Have you tried this experiment? It's right up your path cos it involves ablution accoutrements. Fill the bath with water, make a few bubbles to act as markers (any cheap bubble bath will do), then pull the plug and watch. That at least takes into account the gravitational attraction due to a black hole at the centre of a spiral galaxy. Your sponge on a stick experiment is a simplified version of what everyone does every time they put their washing machine on a spin cycle, so yes, the people on here have done the experiment.
Your sponge on a stick doesn't model gravitational forces found on such cosmic scales. Think of it this way. If spinning fast means that material is flung out and we take no account of gravitational effects, we'd be flung off the planet.
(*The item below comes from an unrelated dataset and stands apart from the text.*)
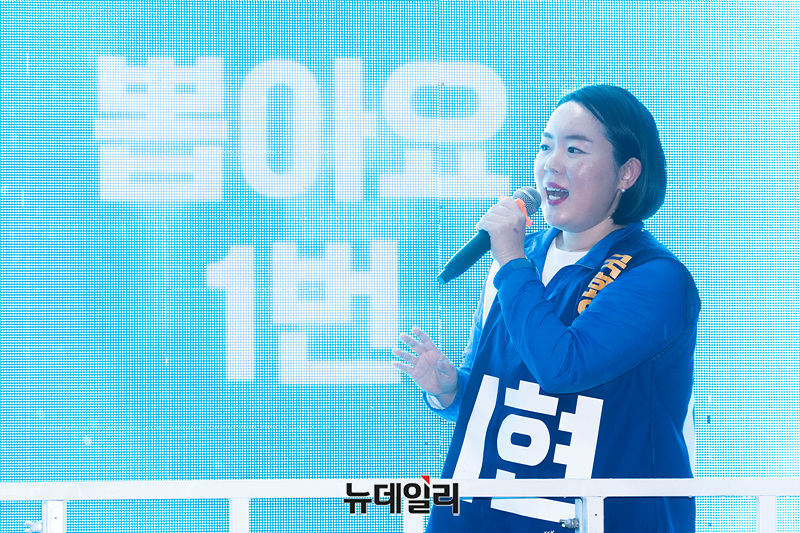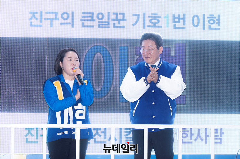 이현 더불어민주당 부산진을 후보가 3일 오후 부산 개금역 앞에서 열린 선거유세 현장에서 지지를 호소하고 있다. (부산=서성진 기자)

Preliminary observations suggest that we're still on it's surface, demonstrating that your model is flawed. That's why the bath plug experiment is closer to what's going on. I'm not saying it's an ideal model, far from it, but it shows how, even spinning fast, material can be pulled towards the gavitational centre. The reason it spirals is because the closer the material gets to the gravitational centre the faster it goes.
I really don't mean to be rude, I'm not a physicist, but are you aware of what you are claiming? You think that Einstein was wrong because of your sponge on a stick? You've now decided that E=mc^2 is wrong. Do you know what that equation is saying? Try this link http://en.wikipedia.org/wiki/Mass%E2%80%93energy_equivalence. Tell me, what units are W in and how do we measure them in order to plug them into the equation? How does the answer then differ? What's "the wave" anyway?
To the physicists reading, yes, I know my bath has limitations on a cosmic scale (it can barely get all the horse poo off me and believe me, I am festooned in horse poo on a cosmic scale almost daily ) If I've made any really fundamental errors please correct me.
The experiment you reffer to descirbes something completely different and nothing to do with an experimental model to show how galaies are created. Your experiment however is good for wahsing and keeping your clothes clean.
The first sentence also refers to your sponge on a stick. The second sentence has me scratching my head for a good use for a sponge on a stick.
In a reply to someone else you mentioned that the Earth's gravity may affect your sponge on a stick. Do you know what gravity is? Do you know what governs the strength of gravitational? It's mass and the masses involved on galactic scales are so much greater than the mass of the earth. The mass of a black hole at the centre of a galaxy is enormous and the gravitational pull gigantic.
Your sponge on a stick totally ignores this. There is no opposing force to your centrifugal force, no "gravity" so of course your water is flung out. In the bathplug version, we're using the Earth's gravity in the centre to pull in water from the sides. Even though it ends up spinning, the water and marker bubbles aren't flung out because the gravity overcomes the centrifugal force. Sometimes you also see an isolated group of bubbles flung off from the very edge because the centrifugal force is greater than the gravitational force at that distance from the plughole.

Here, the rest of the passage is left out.